リア恋DASH!
連休の池袋は人が多くて、

まっすぐ歩くのに流されてしまう。


すぐ近くだって甘く見てた

羽鳥の背中が見えなくなった。


聖地とかいって知ったかぶってたって、

本とかでしか知らないし、

池袋には上野の動物園の帰りに親としか来た事ないし、


迷子になったら…


あたしってば、先天的な方向音痴なんだよね。


どうしよう

羽鳥どこ?


「はとりぃっ」


情けないこえで、半泣きになる

けど、大声で呼ぶ勇気もなんくて

ぐいっと引っ張る手を振り返ると、

呆れた顔した羽鳥。


「何泣きそうになってんだよ。

 迷子になってるんじゃねーよ。

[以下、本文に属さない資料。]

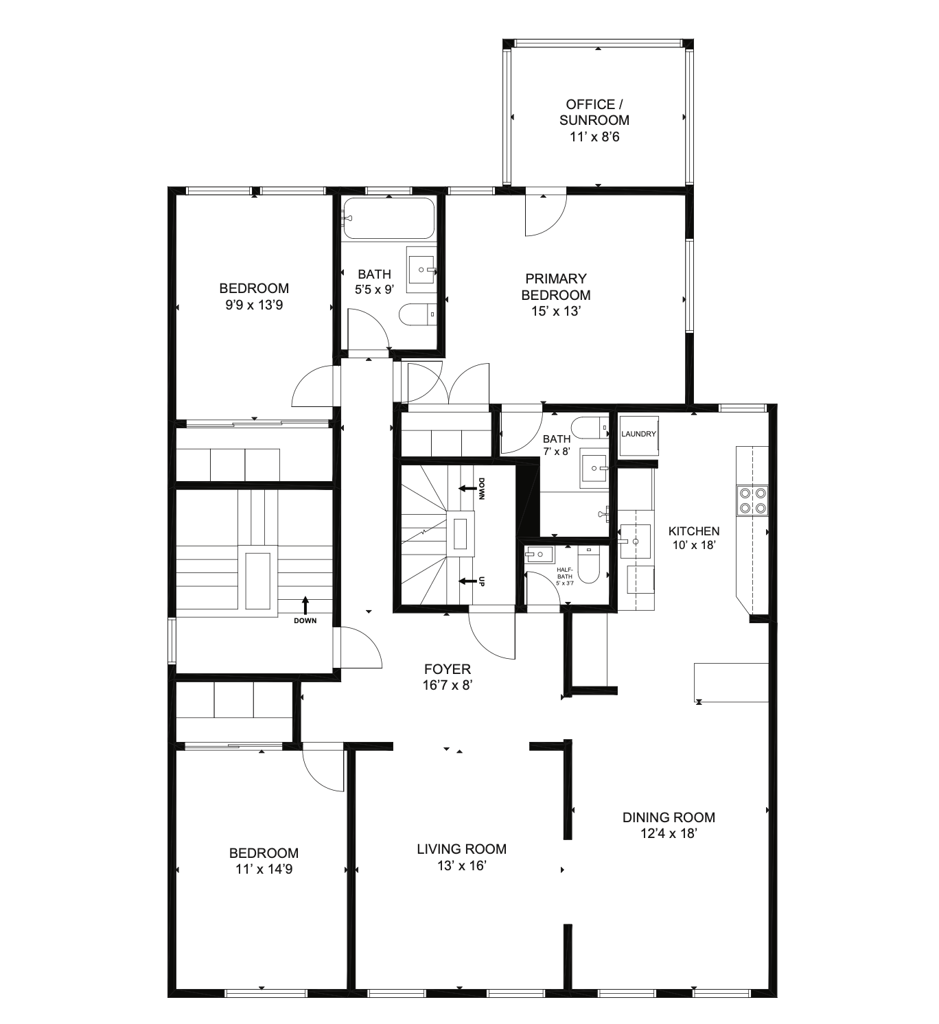 3 bedrooms + 2F1h bathrooms + 1,594 sq. ft.

」


「だって…」


「大体、目の前ハンDOなんだけど?」

「わ。そうだったんだ。」


呆れた顔しながら、

「ほら」

と手を差し出す。

手を繋げってこと?


「ええと、いいの?」


「しょうがないだろ?

 迷子になられて探すのはもっと大変だ。」


「うん」


あったかい大きな手は、さっきまでの不安を一掃してくれた。


今日ずっと一緒にいるけど、

ずっと助けてもらったり嬉しくさせてくれたり

もう泣きそうっていうか泣いちゃってるんだけど、

ねえ。羽鳥。


あたしやっぱあんたが好きだよ。


あたしは羽鳥の手をキュッと握り締めた。